Revenues for the three months ended March 31, 2023 were $244.5 million compared to $279.2 million for the three months ended March 31, 2022.

EBITDA, adjusted EBITDA, distributable cash flow and adjusted free cash flow are non-GAAP financial measures which are explained in greater detail below under the heading "Use of Non-GAAP Financial Information." The Partnership has also included below a table entitled "Reconciliation of EBITDA, Adjusted EBITDA, Distributable Cash Flow and Adjusted Free Cash Flow" in order to show the components of these non-GAAP financial measures and their reconciliation to the most comparable GAAP measurement.

An attachment included in the Current Report on Form 8-K to which this announcement is included contains a comparison of the Partnership’s adjusted EBITDA for the first quarter 2023 to the Partnership's adjusted EBITDA guidance for the first quarter 2023.

Investors' Conference Call

Date: Thursday, April 20, 2023
Time: 8:00 a.m. CT (please dial in by 7:55 a.m.)
Dial In #: (888) 330-2384
Conference ID: 8536096
Replay Dial In # (800) 770-2030 – Conference ID: 8536096




A webcast of the conference call along with the First Quarter 2023 Earnings Summary will also be available by visiting the Events and Presentations section under Investor Relations on our website at www.MMLP.com.

About Martin Midstream Partners

MMLP, headquartered in Kilgore, Texas, is a publicly traded limited partnership with a diverse set of operations focused primarily in the Gulf Coast region of the United States. MMLP’s primary business lines include: (1) terminalling, processing, and storage services for petroleum products and by-products; (2) land and marine transportation services for petroleum products and by-products, chemicals, and specialty products; (3) sulfur and sulfur-based products processing, manufacturing, marketing and distribution; and (4) specialty products, including natural gas liquids, marketing, distribution, packaging, and transportation services. To learn more, visit www.MMLP.com. Follow Martin Midstream Partners L.P. on LinkedIn, Facebook, and Twitter.

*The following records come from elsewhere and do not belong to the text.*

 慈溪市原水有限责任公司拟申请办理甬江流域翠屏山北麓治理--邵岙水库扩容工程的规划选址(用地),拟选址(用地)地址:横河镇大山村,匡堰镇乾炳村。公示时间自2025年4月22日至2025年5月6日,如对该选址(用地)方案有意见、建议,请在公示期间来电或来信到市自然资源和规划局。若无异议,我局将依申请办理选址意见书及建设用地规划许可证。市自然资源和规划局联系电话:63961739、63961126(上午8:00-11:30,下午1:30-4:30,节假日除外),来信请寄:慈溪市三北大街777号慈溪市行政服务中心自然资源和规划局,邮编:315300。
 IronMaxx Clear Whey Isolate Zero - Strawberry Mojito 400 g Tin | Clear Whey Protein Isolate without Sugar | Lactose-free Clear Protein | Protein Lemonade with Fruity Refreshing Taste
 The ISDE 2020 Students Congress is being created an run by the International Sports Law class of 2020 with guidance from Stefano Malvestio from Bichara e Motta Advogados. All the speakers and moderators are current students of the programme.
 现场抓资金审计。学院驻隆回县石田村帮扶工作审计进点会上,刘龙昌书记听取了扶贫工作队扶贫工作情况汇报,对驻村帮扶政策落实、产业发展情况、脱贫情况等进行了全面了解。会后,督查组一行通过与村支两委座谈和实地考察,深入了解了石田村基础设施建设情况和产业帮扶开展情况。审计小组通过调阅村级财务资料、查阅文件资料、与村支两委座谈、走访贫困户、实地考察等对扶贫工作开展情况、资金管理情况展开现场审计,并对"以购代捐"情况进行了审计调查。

Forward-Looking Statements

Statements about the Partnership’s outlook and all other statements in this release other than historical facts are forward-looking statements within the meaning of the Private Securities Litigation Reform Act of 1995. These forward-looking statements and all references to financial estimates rely on a number of assumptions concerning future events and are subject to a number of uncertainties, including (i) the effects of the continued volatility of commodity prices and the related macroeconomic and political environment and (ii) other factors, many of which are outside its control, which could cause actual results to differ materially from such statements. While the Partnership believes that the assumptions concerning future events are reasonable, it cautions that there are inherent difficulties in anticipating or predicting certain important factors. A discussion of these factors, including risks and uncertainties, is set forth in the Partnership’s annual and quarterly reports filed from time to time with the Securities and Exchange Commission (the “SEC”). The Partnership disclaims any intention or obligation to revise any forward-looking statements, including financial estimates, whether as a result of new information, future events, or otherwise except where required to do so by law.

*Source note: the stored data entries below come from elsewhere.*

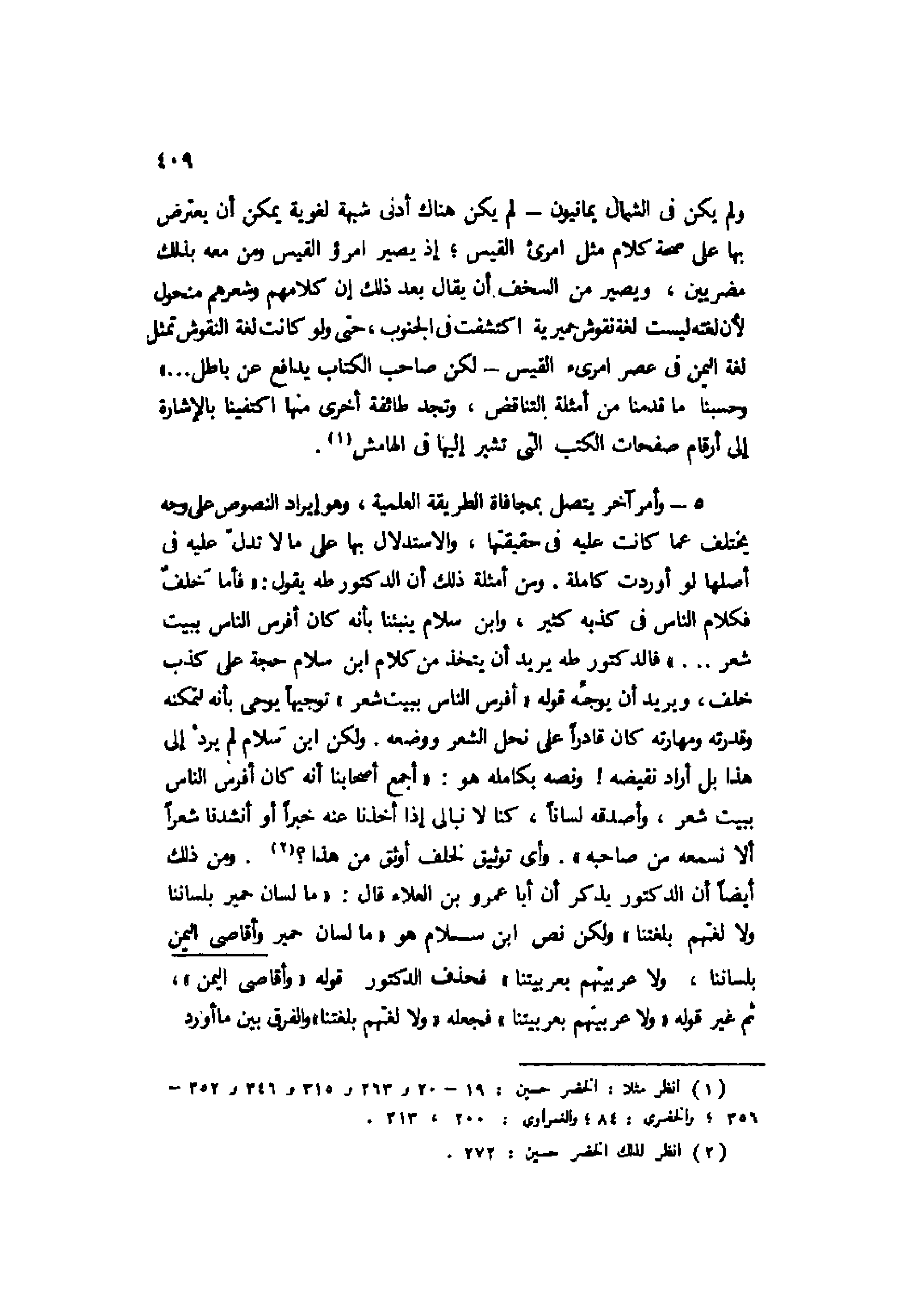 ولم يكن في الشمال يمانيون لم يكن هناك أدنى شبهة لغوية يمكن أن يعترض بها على صحة كلام مثل امرئ القيس؛ إذ يصير امرؤ القيس ومن معه بذلك مضريين، ويصير من السخف أن يقال بعد ذلك إن كلامهم وشعرهم منحول لأن لغته ليست لغة نقوش حميرية اكتشفت في الجنوب، حتى ولو كانت لغة النقوش تمثل لغة اليمن في عصر امرئ القيس لكن صاحب الكتاب يدافع عن باطل ... ".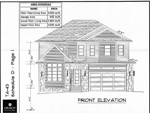 Executive 2 storey home by Cresco.5 Bedrooms , 5 Bathrooms , 3 Ensuite , Double car garage Windows - Black on front, Garage man door, and flanking window in BR#2 Driveway and front step are exposed aggregate - front railing is black aluminum Rear Deck is 12 x 24 composite with glass rail (black framed) with no stairs down. Heating system is upgraded (high efficiency) ducted heat pump with gas backup and integrated HRV Gas connections to heat pump, stove, BBQ and Fireplace Fireplace is 36" Napoleon Linear natural gas Under slab is insulated with 2" HD under the entire slab Plumbing is Cresco elite package with floating cabinets in powder and ensuite, wet bar, fully tiled master shower with bench and alcove - and extra ensuite in Bedroom #4 Chimney style range hood is included .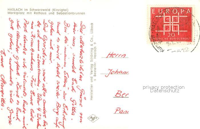 73644216 alte Postkarte Haslach Kinzigtal Marktplatz Rathaus Sebastianbrunnen postalisch gelaufen Erhaltung siehe scans [FriedD77] KatCode: 11110008317040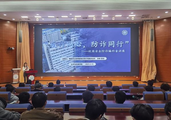 为全面做好防范电信诈骗宣传工作,有效遏制电信诈骗案件的高发态势,提高大学生的安全防范意识,2023年3月15日18:30,由我院主办,学院团委承办的校园安全防诈骗科普讲座在西康路校区科学会堂301成功举办,本次活动邀请了南京市公安局鼓楼分局宁海路派出所孙林警官,保卫处治安科朱长婕老师、学院团委副书记李倩老师以及学院部分本科生参加了本次活动。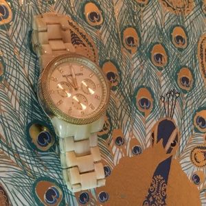 Ladies' gold-plated stainless steel 36mm Michael Kors Ritz Horn Watch with mineral crystal, engraved bezel, mother of pearl dial, three sub dials, crystal hour markers, luminous sword hands and stick sweeping seconds hand, fluted push and pull crown, water resistant up to 100 meters, creme horn link bracelet and deployant closure.
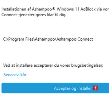 Hent programmet på hjemmesiden og start installationen. Først begynder installationen af Ashampoos nye programportal Ashampoo App. Klik på Accepter og installer 1.

Use of Non-GAAP Financial Information

To assist management in assessing our business, we use the following non-GAAP financial measures: earnings before interest, taxes, and depreciation and amortization ("EBITDA"), adjusted EBITDA (as defined below), distributable cash flow available to common unitholders (“distributable cash flow”), and free cash flow after growth capital expenditures and principal payments under finance lease obligations ("adjusted free cash flow"). Our management uses a variety of financial and operational measurements other than our financial statements prepared in accordance with U.S. GAAP to analyze our performance.

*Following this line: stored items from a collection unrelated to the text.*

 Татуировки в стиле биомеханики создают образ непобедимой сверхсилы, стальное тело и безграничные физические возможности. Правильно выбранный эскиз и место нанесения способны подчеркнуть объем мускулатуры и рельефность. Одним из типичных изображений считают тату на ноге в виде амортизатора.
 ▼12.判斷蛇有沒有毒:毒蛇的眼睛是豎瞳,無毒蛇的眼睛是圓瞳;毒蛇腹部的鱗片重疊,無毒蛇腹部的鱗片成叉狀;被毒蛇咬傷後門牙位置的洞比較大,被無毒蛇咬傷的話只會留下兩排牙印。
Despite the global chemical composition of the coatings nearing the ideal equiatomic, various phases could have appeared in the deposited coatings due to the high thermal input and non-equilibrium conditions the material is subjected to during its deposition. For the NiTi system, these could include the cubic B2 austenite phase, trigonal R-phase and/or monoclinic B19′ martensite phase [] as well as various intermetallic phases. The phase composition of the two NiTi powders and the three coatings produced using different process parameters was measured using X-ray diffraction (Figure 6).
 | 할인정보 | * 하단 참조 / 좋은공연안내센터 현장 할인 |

Certain items excluded from EBITDA and adjusted EBITDA are significant components in understanding and assessing an entity's financial performance, such as cost of capital and historical costs of depreciable assets.

EBITDA and adjusted EBITDA. We define adjusted EBITDA as EBITDA before unit-based compensation expenses, gains and losses on the disposition of property, plant and equipment, impairment and other similar non-cash adjustments. Adjusted EBITDA is used as a supplemental performance and liquidity measure by our management and by external users of our financial statements, such as investors, commercial banks, research analysts, and others, to assess:

the financial performance of our assets without regard to financing methods, capital structure, or historical cost basis;
the ability of our assets to generate cash sufficient to pay interest costs, support our indebtedness, and make cash distributions to our unitholders; and
our operating performance and return on capital as compared to those of other companies in the midstream energy sector, without regard to financing methods or capital structure.




The GAAP measures most directly comparable to adjusted EBITDA are net income (loss) and net cash provided by (used in) operating activities. Adjusted EBITDA should not be considered an alternative to, or more meaningful than, net income (loss), operating income (loss), net cash provided by (used in) operating activities, or any other measure of financial performance presented in accordance with GAAP. Adjusted EBITDA may not be comparable to similarly titled measures of other companies because other companies may not calculate adjusted EBITDA in the same manner.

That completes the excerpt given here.